Retype the material that follows exactly, limited to the lines from the one with "紅色提籃食盒里的豆豉辣椒炒咸魚臘魚" through the one with "Подробный решебник (ГДЗ)", and keep out all pictures.

━━━━━ Source material ━━━━━

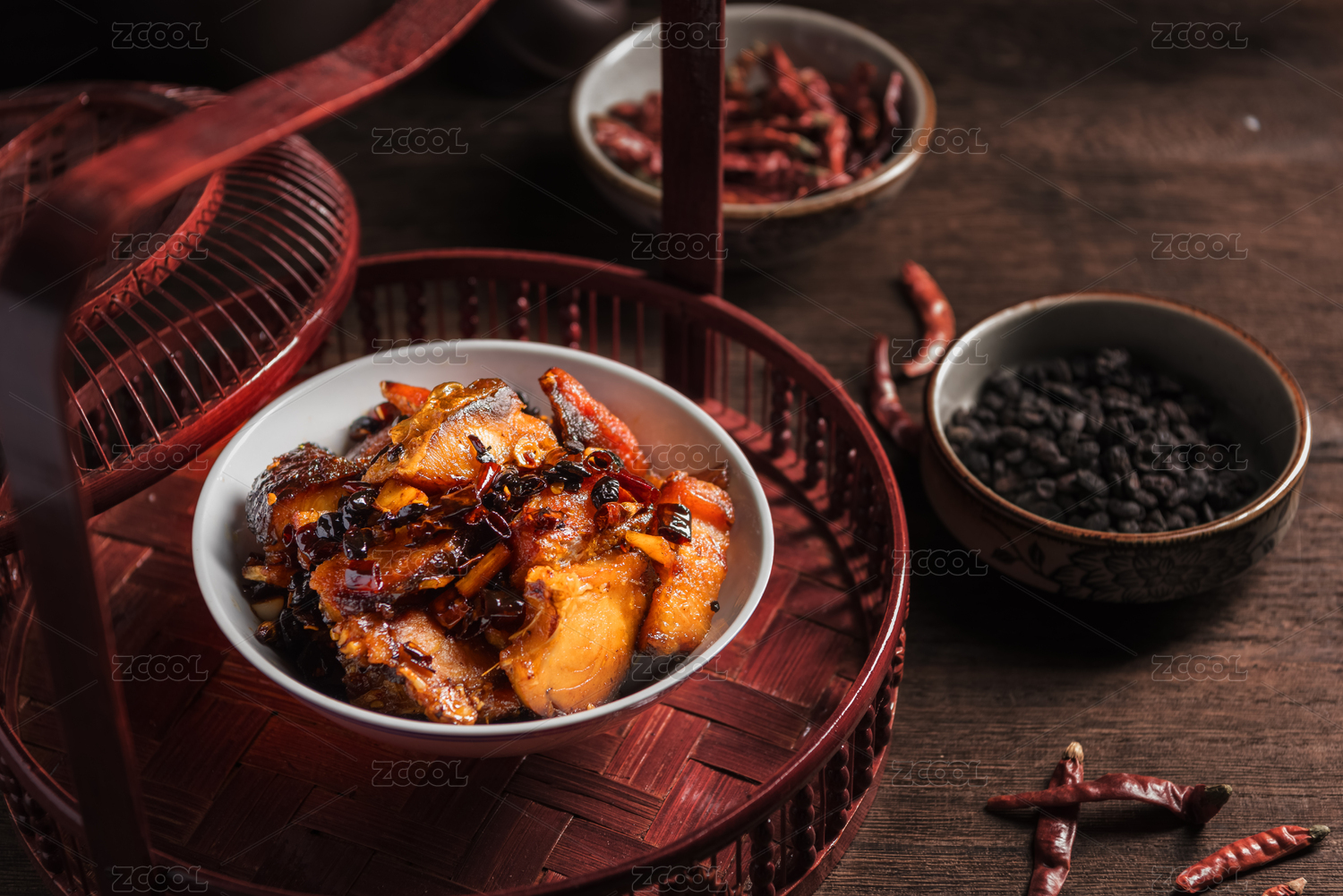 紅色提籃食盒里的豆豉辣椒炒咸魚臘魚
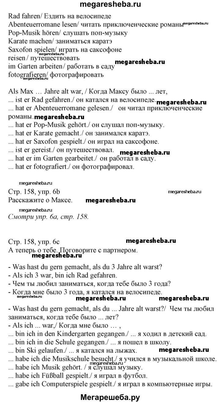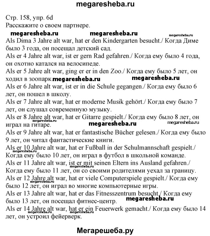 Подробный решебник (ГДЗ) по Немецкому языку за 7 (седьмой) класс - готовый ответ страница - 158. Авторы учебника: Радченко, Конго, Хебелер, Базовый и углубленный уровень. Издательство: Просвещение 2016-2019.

━━━━━
━━━━━ Source material ━━━━━

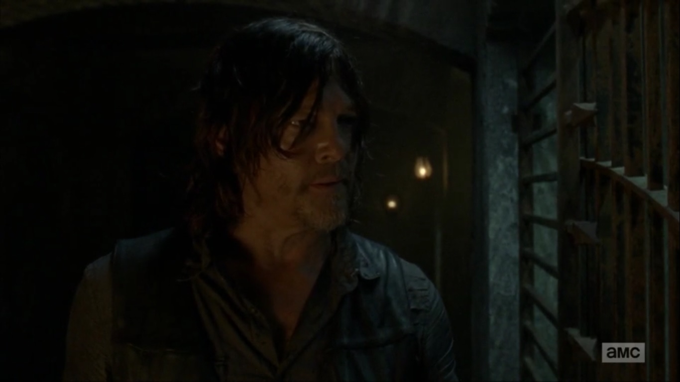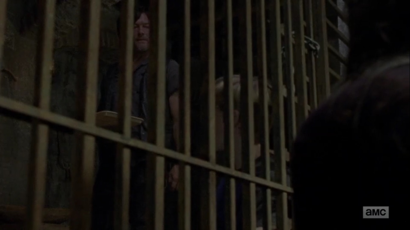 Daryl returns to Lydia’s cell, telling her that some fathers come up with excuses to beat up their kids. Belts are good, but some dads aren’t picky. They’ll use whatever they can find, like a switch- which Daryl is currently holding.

━━━━━

■ Written answer:
 紅色提籃食盒里的豆豉辣椒炒咸魚臘魚
 Подробный решебник (ГДЗ) по Немецкому языку за 7 (седьмой) класс - готовый ответ страница - 158. Авторы учебника: Радченко, Конго, Хебелер, Базовый и углубленный уровень. Издательство: Просвещение 2016-2019.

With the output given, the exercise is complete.